Nous nous félicitons de la reconnaissance formelle de la fonction “tribunicienne” et de représentation des “têtes de réseau” et de la volonté de formaliser et de développer les espaces de “dialogue civil”. Toutefois plusieurs indices montrent que le poids des associations de jeunesse et d’éducation populaire dans la gouvernance des politiques publiques reste relatif et incertain. Déjà, les partenaires sociaux sont plutôt sceptiques vis a vis de cette notion craignant qu’elle s’apparente à une sorte de “sous dialogue social”. Il semble effectivement utile de mieux clarifier les objectifs et les compétences de ces outils de concertation. Et surtout les positions du gouvernement en matière de critères de représentation. Vaste chantier confié à Luc Ferry ! Si nous ne pouvons que louer le souhait de voir mieux associer, représenter certains publics exclus, absents, la diversité des territoires, les petites associations, etc. Il faudra être vigilant vis-à-vis d‘une tendance à la panelisation et à des pratiques de cooptation institutionnelles arbitraires.

Ainsi Le Conseil National de la Jeunesse devrait évoluer sur le modèle de ceux que l’on trouve dans d’autres pays européens, mais avec ce paradoxe que ce serait, en France, l’Etat qui en déterminerait ses composantes. Minimisant la place que les grands réseaux à travers le CNAJEP pourraient y prendre, sous prétexte qu’ils sont intergénérationnels et non exclusivement représentatif de la jeunesse ( ??). Notre réseau confédéral avec ses dizaines de milliers de jeunes adhérents, centaines de milliers de jeunes public, dans les territoires ruraux, urbains, les quartiers hétéroclites ne serait donc pas suffisamment représentatif ?

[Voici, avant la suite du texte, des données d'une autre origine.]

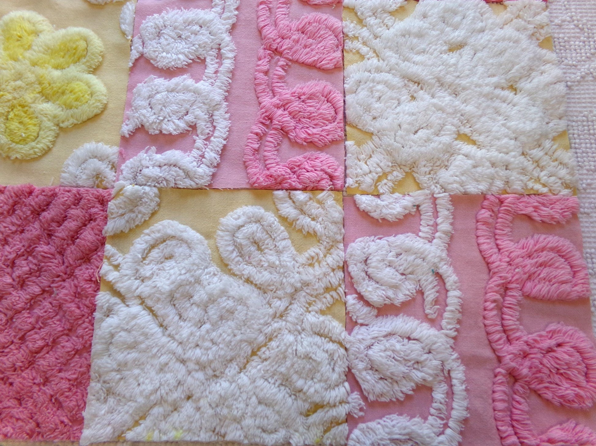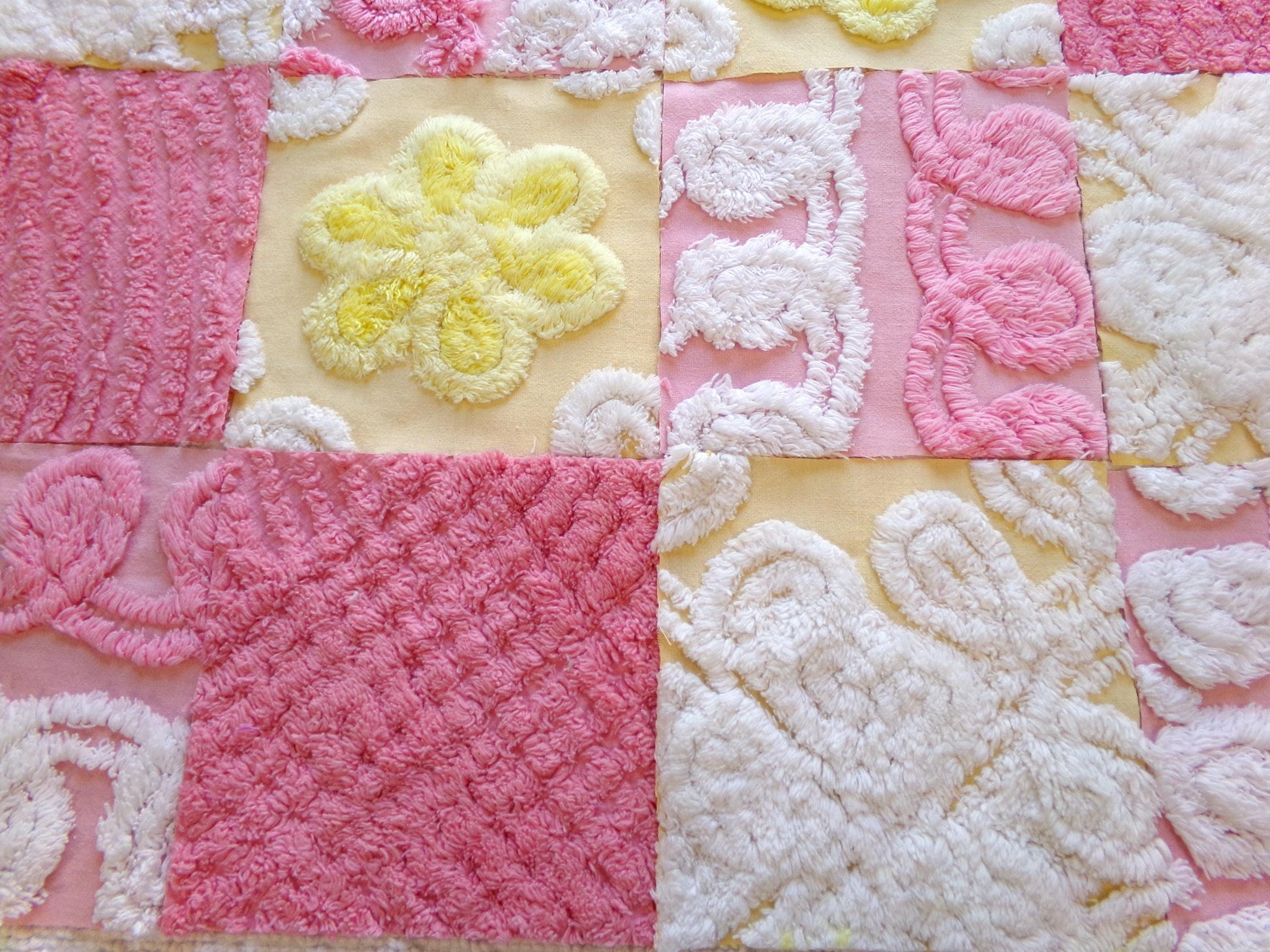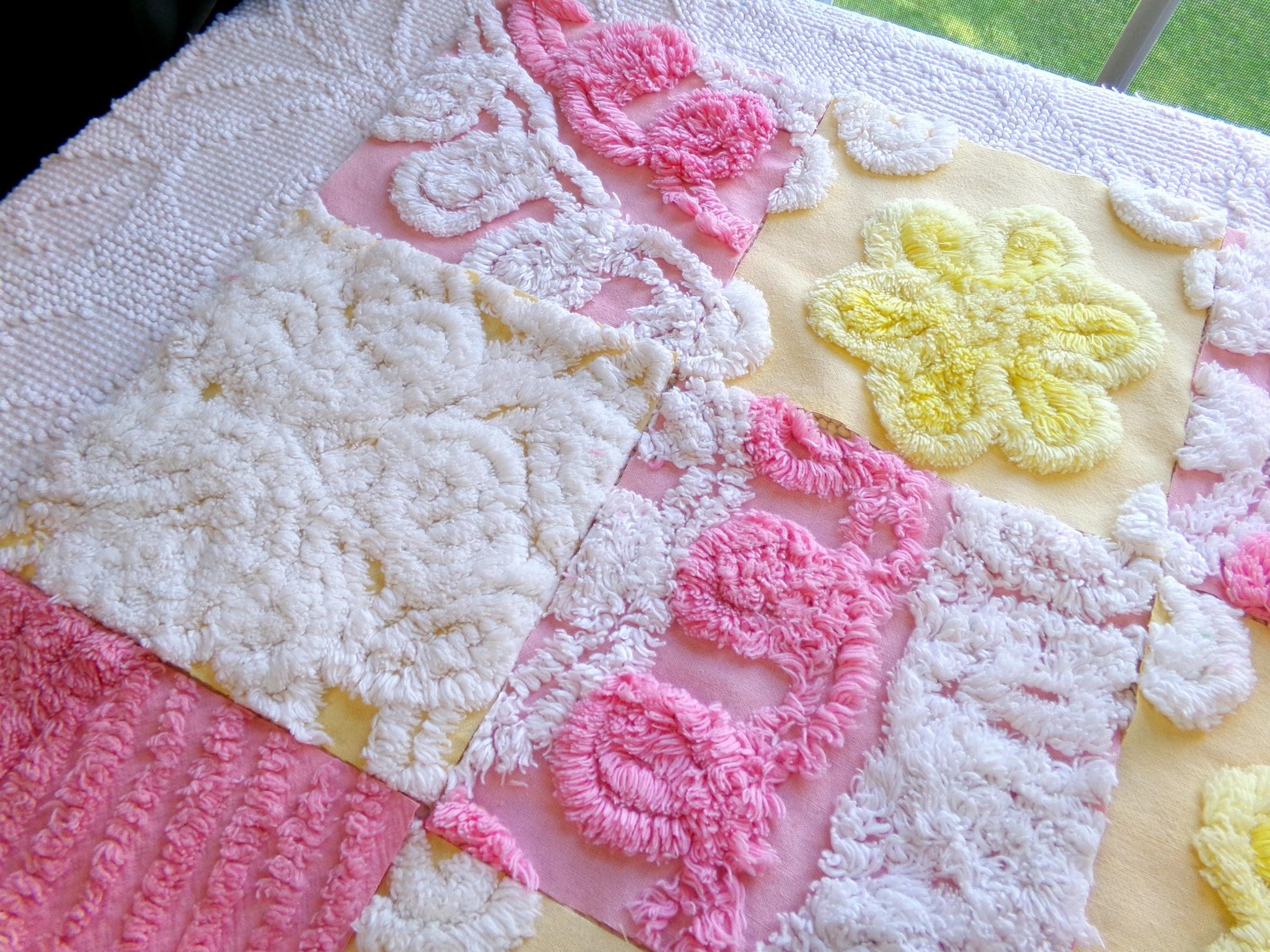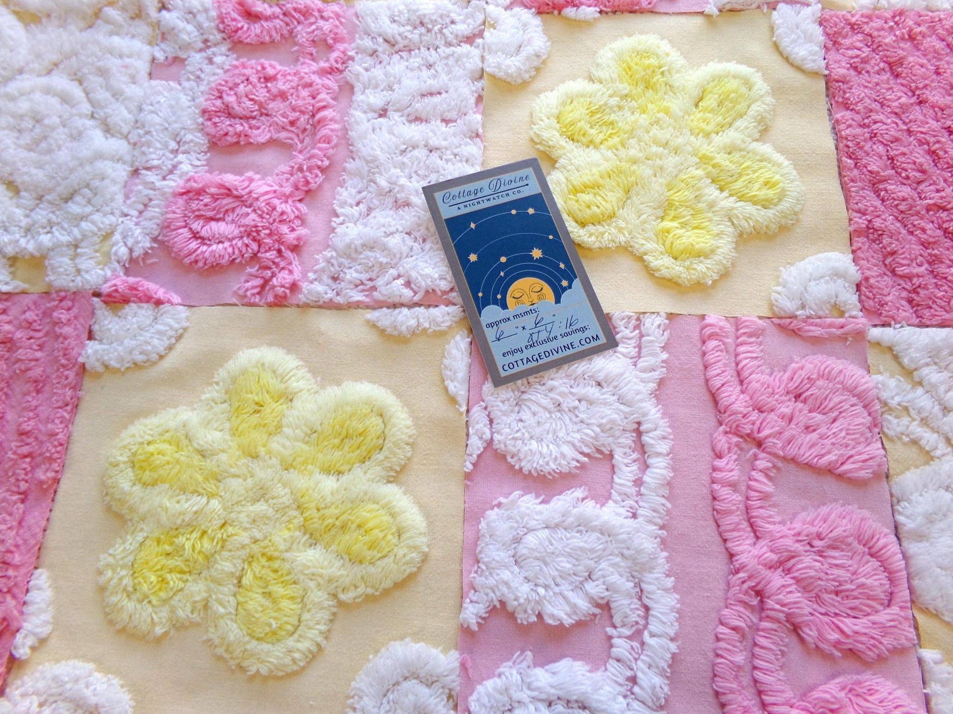 see more, cottagedivine.comNeed a little sunshine in your day today? This set of 16 vintage chenille fabric blocks in a medley of bright yellows and happy pinks will make you smile.

L’évolution décidée du CNVA vers un HCVA permettrait aussi de distinguer plus clairement le rôle d’expertise et de conseil de celui de représentation porté par la CPCA. Reste à voir comment il sera constitué et comment la CPCA, et en son sein le CNAJEP seront concrètement associés et consultés. Le processus préparatoire à la CVA et au livre vert n’a pas été forcement un exemple de ce point de vue. Idem, les quelques sièges supplémentaires accordés au sein du CESE pour les AJEP sont une avancée, mais leur influence restera tout à fait relative quantitativement parlant.

De manière générale et sans dramatiser, nos réseaux d’associations de jeunesse et d’éducation populaire, sont quelque peu amoindris dans leur capacité à peser, condamnés en quelque sorte à prendre part à la plupart des structures de concertation et de gouvernance mais avec une influence relativement réduite. Au risque de cautionner des orientations qui nous échappent ou le cas échéant de pratiquer une politique de la chaise vide, peu constructive et peu utile. En outre, l’équilibre entre les grandes familles associatives n’est pas évident et ne garantit pas toujours la place du champ de l’éducation populaire et de la jeunesse. Gageons que les responsables politiques n’useront pas de cette stratégie vieille comme le monde qui consiste à diviser pour mieux régner.

Une vigilance et une pro activité dans la construction des partenariats territoriaux

Au regard des ces réserves, la prudence est de mise. Il nous faudra être attentifs à la réalité des moyens qui seront finalement consentis globalement au sein de notre réseau et être vigilants et convaincants tant vis-à-vis de l’Etat qu’auprès des collectivités territoriales. Nous devons être proactifs pour faire valoir le poids, l’intérêt de notre réseau et engager des partenariats. A fortiori à l’occasion des changements d’exécutif régionaux, nos fédérations régionales doivent faire valoir leur rôle d’initiation, de coordination des projets et de portage synergique des moyens mobilisés par les différents acteurs à cet échelon territorial. Cela peut nécessiter aussi d’établir et renforcer les stratégies communes avec les réseaux associatifs homologues et/ou le cas échéant de clarifier les positions respectives, afin d’éviter les concurrences contreproductives vis-à-vis de nos objectifs communs d’éducation populaire et de justice sociale et concomitamment de survie et de développement de nos organisations.